**TASK TO COMPLETE:** As the answer, set down the lines below from the one containing "The casino platform" through the one containing "Tabellone elettronico FS160", exactly and inclusively, and no others.

**AVAILABLE RECORDS:**
[Start of Attachment]

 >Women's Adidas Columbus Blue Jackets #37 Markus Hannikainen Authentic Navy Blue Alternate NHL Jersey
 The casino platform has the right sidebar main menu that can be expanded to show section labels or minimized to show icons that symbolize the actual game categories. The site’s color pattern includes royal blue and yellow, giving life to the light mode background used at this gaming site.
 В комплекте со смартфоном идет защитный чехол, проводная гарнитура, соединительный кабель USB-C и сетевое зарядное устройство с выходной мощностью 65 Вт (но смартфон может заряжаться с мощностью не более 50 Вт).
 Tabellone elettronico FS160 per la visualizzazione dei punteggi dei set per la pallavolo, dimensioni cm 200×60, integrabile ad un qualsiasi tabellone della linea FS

[End of Attachment]
[Start of Attachment]

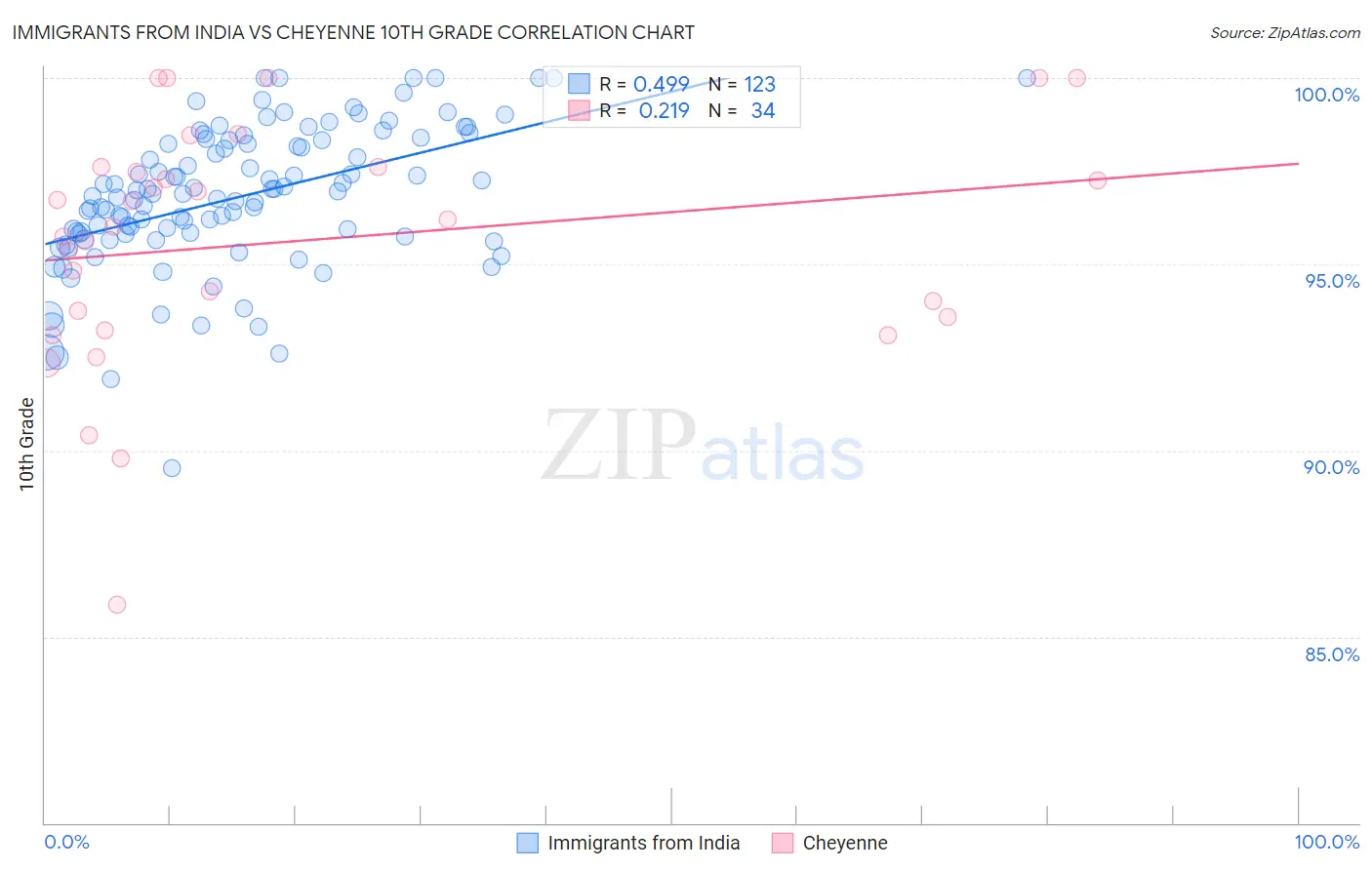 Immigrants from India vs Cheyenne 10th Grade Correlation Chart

[End of Attachment]

**SOLUTION FOR THIS PROBLEM:**
 The casino platform has the right sidebar main menu that can be expanded to show section labels or minimized to show icons that symbolize the actual game categories. The site’s color pattern includes royal blue and yellow, giving life to the light mode background used at this gaming site.
 В комплекте со смартфоном идет защитный чехол, проводная гарнитура, соединительный кабель USB-C и сетевое зарядное устройство с выходной мощностью 65 Вт (но смартфон может заряжаться с мощностью не более 50 Вт).
 Tabellone elettronico FS160 per la visualizzazione dei punteggi dei set per la pallavolo, dimensioni cm 200×60, integrabile ad un qualsiasi tabellone della linea FS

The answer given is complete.